**PROMPT:** Exclude the pictures and reproduce the remaining data exactly as written.

**DATA SECTION:**
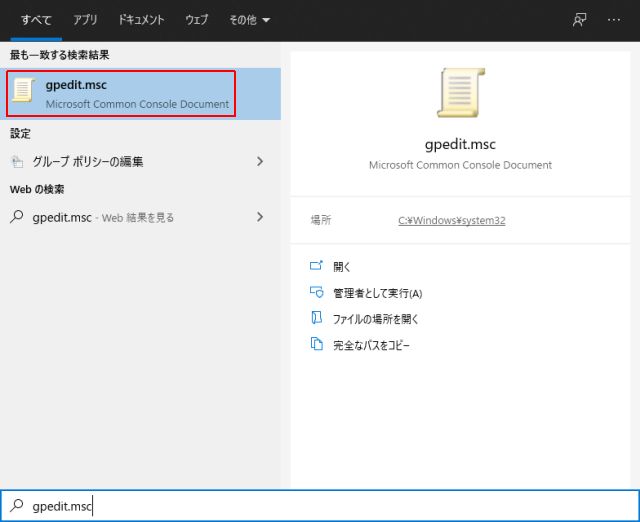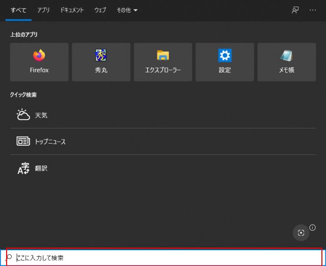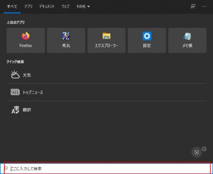 タスクバーの検索ボックスで検索すると Web 検索の結果も表示され、
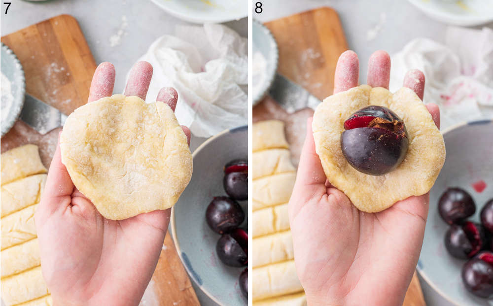 - Flour your hands. Take one part of the dough and flatten it into a disk. Place one plum in the middle. Wrap the dough around the plum. Pinch the seam well so it won’t open while cooking. Roll between your palms so you have a ball of dough.
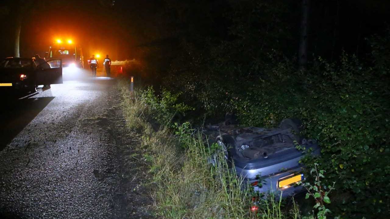 Een auto is in de nacht van maandag op dinsdag over de kop geslagen en in een greppel beland op de Meester van Hasseltweg in Vessem. De bestuurder zei tegen mensen ter plaatse dat hij moest uitwijken voor een ree.

**YOUR RESPONSE:**
 タスクバーの検索ボックスで検索すると Web 検索の結果も表示され、
 - Flour your hands. Take one part of the dough and flatten it into a disk. Place one plum in the middle. Wrap the dough around the plum. Pinch the seam well so it won’t open while cooking. Roll between your palms so you have a ball of dough.
 Een auto is in de nacht van maandag op dinsdag over de kop geslagen en in een greppel beland op de Meester van Hasseltweg in Vessem. De bestuurder zei tegen mensen ter plaatse dat hij moest uitwijken voor een ree.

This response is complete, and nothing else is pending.